[Saved entries]
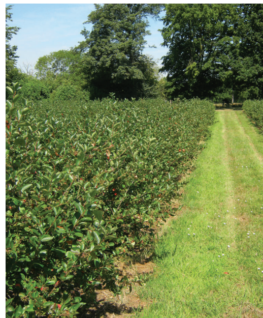
Aronia berry bushes can grow to two metres and more, in both height and width.

The berries grow in clusters and have been compared to cranberries, blueberries and blackcurrants. Their taste is extremely sharp and very
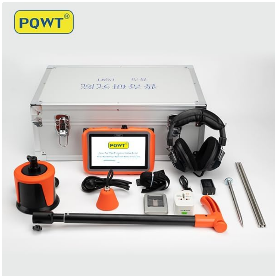
Figure 2.2: Close-up of the PQWT L4000 host machine interface.
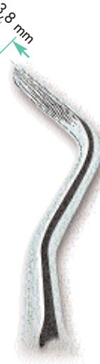
0244-6 Fig. 6K Kopp
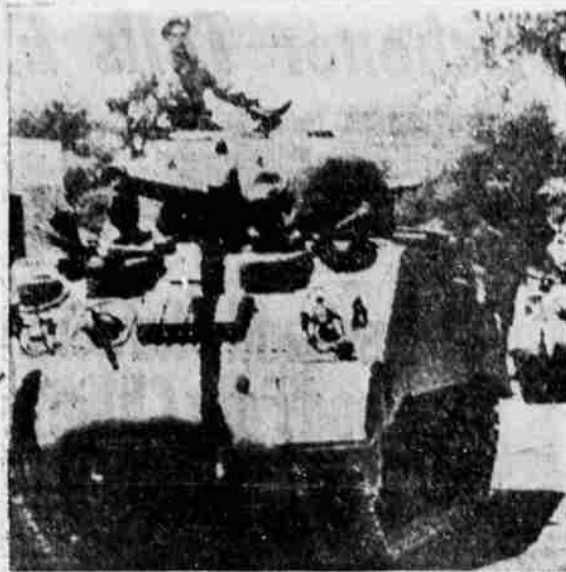
TANKS TAKE OVER —An Egyptian Army tank leads a column of tanks through the streets of Cairo following seizure of the city and ouster of Premier Naguin El Hihaly Pasha. The troops moved into the city at dawn and took over. They also took control of Alexandria, the summer capital where King Farouk and Government leaders are staying.

Western Oregon — Sunny and warm through Tuesday. Considerable night and morning fog and low cloudiness along coast and isolated afternoon thunder showers in southern mountains. Highs and 90 to 100 in interior valleys. Lows Monday night 62 to 62. Winds off coast northwesterly and 15 to 25 miles an hour, increasing locally to 30 to 35 miles an hour during afternoons. Eastern Oregon — Sunny through Tuesday. Isolated afternoon thunder showers in mountain areas. Little change in temperature with highs 85 to 92. Lows Monday night 52 to 62. Grain and vicinity — Fair through Tuesday except afternoon thunderheads over mountains. High of 99 Tuesday. Low Monday night 0.
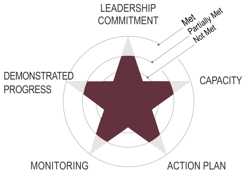
Figure 2: Improving Federal Management of Programs That Serve Tribes and Their Members

As we reported in the March 2019 high-risk report, when we applied the five criteria for High-Risk List removal to each of the three segments—education, energy, and health care—we determined that Indian Affairs, BIE, BIA, and IHS have each demonstrated some progress. Overall, the agencies have partially met the leadership commitment, capacity, action plan, monitoring, and demonstrated progress criteria for the education, health care, and energy areas. However, the agencies continue to face challenges, particularly in retaining permanent leadership and a sufficient workforce.

* **ABOUT THIS TASK**:
The lines above starting at the one that holds "The berries grow" and ending at the one that holds "TANKS TAKE OVER" are to be written out exactly, ends included, and no pictures are to be copied.

* **SOLUTION TO THE PROBLEM**:
The berries grow in clusters and have been compared to cranberries, blueberries and blackcurrants. Their taste is extremely sharp and very
Figure 2.2: Close-up of the PQWT L4000 host machine interface.
0244-6 Fig. 6K Kopp
TANKS TAKE OVER —An Egyptian Army tank leads a column of tanks through the streets of Cairo following seizure of the city and ouster of Premier Naguin El Hihaly Pasha. The troops moved into the city at dawn and took over. They also took control of Alexandria, the summer capital where King Farouk and Government leaders are staying.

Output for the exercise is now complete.